What the task asks ▸
Through the line with "LET YOUR LITTLE" and starting from the first line, return the records below word for word, with pictures left out.

Record excerpts ▸
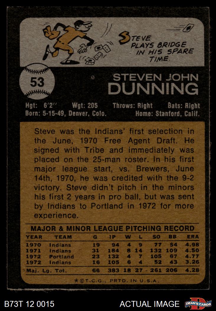 1973 Topps #53 Steve Dunning 4 - VG/EX
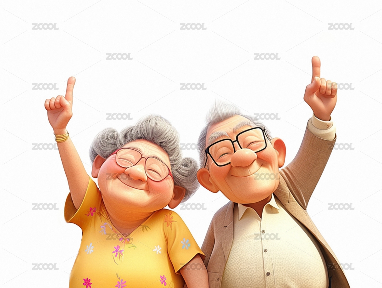 3D卡通载歌载舞的老年人
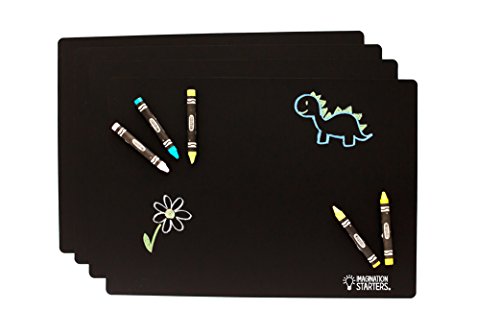 LET YOUR LITTLE ONES FEEL THE JOY THAT COMES FROM USING THEIR IMAGINATION! End device screen time at the table with the Imagination Starters® Chalkboard Placemats and Dry Erase Crayons and let them draw, color, doodle, or practice writing letters and words. Whether they show off a masterpiece work of art, doodle, or write, they'll be using their imagination and exercising their creativity.
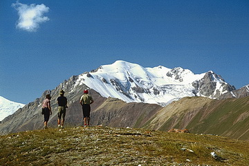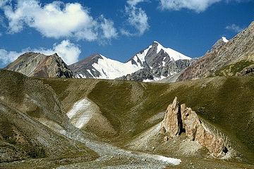 Even in Juli the Pamir mountains are heavily snow-covered like Pik Dsershinsky (6713 m). Numerous rivers find their way down from the glaciers across wide areas of debris. Pik Lenin, the only 7000 m peak of the Transalai Range is dominating the Alai Valley.
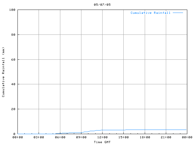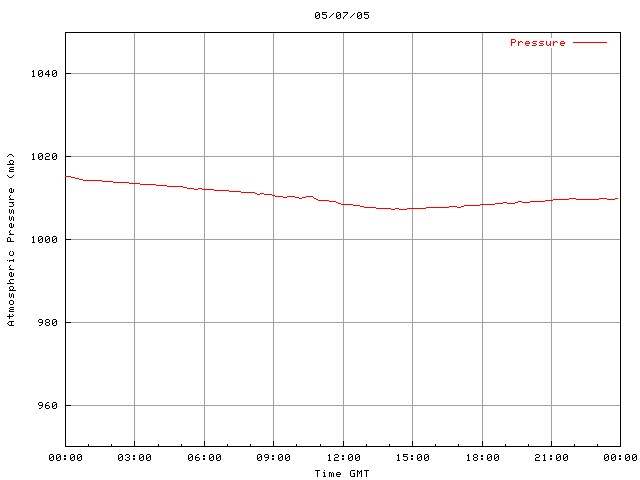 The PML meteorological station, situated on the south-west corner of the building roof, consists of a Hygroclip S3 temperature and humidity sensor housed in a radiation shield, a Mierij Meteo solid state wind sensor (MMW-005), a Chelsea instruments half-hemisphere PAR sensor, a Li-Cor pyranometer (LI-200SZ) and an Omni Instruments 6" tipping bucket raingauge (RG200). The data are logged every 5 minutes using a Pace Scientific XR5 data logger. The real-time rainfall data is likely in error - the correct values will be displayed after a time lag of approximately 24 hours. The meteorological station is sheltered from winds in the north-east and underestimates winds from this quarter. To use these data please contact Dr Tim Smyth.

Your solution ▸
 1973 Topps #53 Steve Dunning 4 - VG/EX
 3D卡通载歌载舞的老年人
 LET YOUR LITTLE ONES FEEL THE JOY THAT COMES FROM USING THEIR IMAGINATION! End device screen time at the table with the Imagination Starters® Chalkboard Placemats and Dry Erase Crayons and let them draw, color, doodle, or practice writing letters and words. Whether they show off a masterpiece work of art, doodle, or write, they'll be using their imagination and exercising their creativity.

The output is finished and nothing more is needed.